I stopped by and thought I'd best leave a little note that I was here.

Not sure what to say about the delusional prophet.

As for money... I agree. And apparently the spambot's comment above this one ties in nicely.

(This particular spambot is especially annoying in that it finds your old archived posts and comments there as well. On one post I found its message had been left four times!)

jollybeggar said...

"There seems to be some Capitalism slipping into the church and oddly enough I am not a Capital-ist, I am a Christ-ian. But you couldn't tell that by church teaching. Whoever said 'blessed are the poor' musta been crazy."

yeah, who was that guy- didn't he also say " 'My house will be called a house of prayer,' but you are making it a 'den of robbers.' "
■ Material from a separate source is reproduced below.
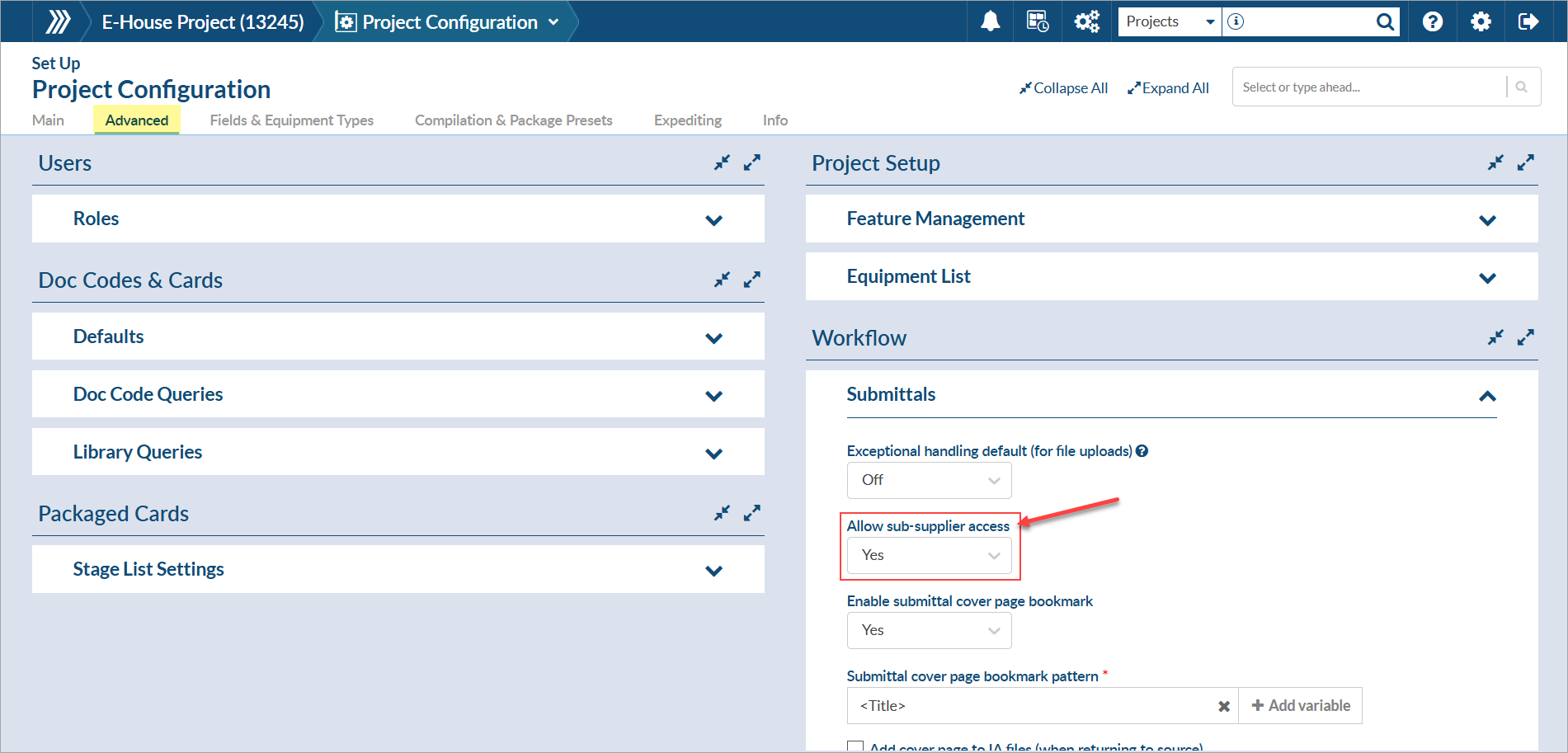- To confirm that the portal has been enabled on the project, navigate to Project Menu > Set Up > Project Configuration > Advanced and confirm that the "Allow sub-supplier access" option is set to "Yes."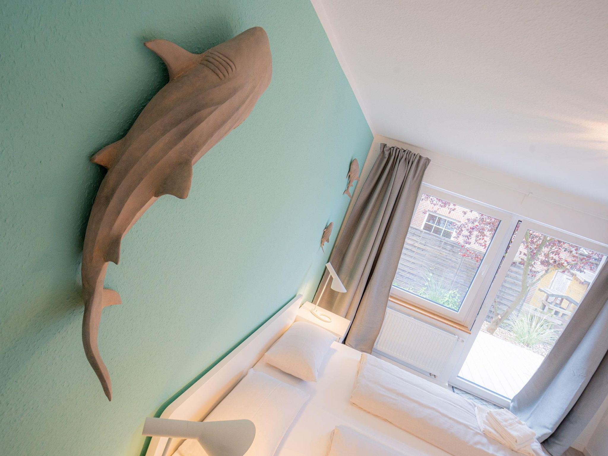 Die im Erdgeschoss gelegene, im skandinavischen Stil hochwertig eingerichtete Ferienwohnung verfügt über 3 Schlafzimmer für maximal 6 Personen, die alle mit Doppelbetten (180 x 200 cm), Nachttischen und Kleiderschränken ausgestattet sind. In einem Schlafzimmer befindet sich ein Fernseher mit SAT TV Anschluss. Bei den Matratzen handelt es sich um Wendematratzen in mittelfester und fester Qualität, die Sie Ihren Bedürfnissen entsprechend anpassen können. In einem Schlafzimmer befindet sich zudem ein kleiner Arbeitsplatz mit Schreibtisch, der auch wunderbar als Homeofficeplatz genutzt werden kann.

it appears as though our recent dialogue was inspiring, for i too have posted some reflections upon the strange relationship between misinterpretation of scripture and endtimes fanaticity...


jollybeggar said...

ps: as for spammers, i think that they may very well be destined for the 3rd circle of dante's hell, to withstand the perpetual deluge of their own useless words for eternity? there is probably some blurring of the lines between circles two and three for both spammers AND bloggers... it probably depends on whether there is anyone reading or responding to their stuff...

still kinda funny that you were talking about the den of robbers and some sweet-talking spammer shows up to plug his secret shopper scam. pretty obvious that your post wasn't read, no matter how nice anon claimed it was!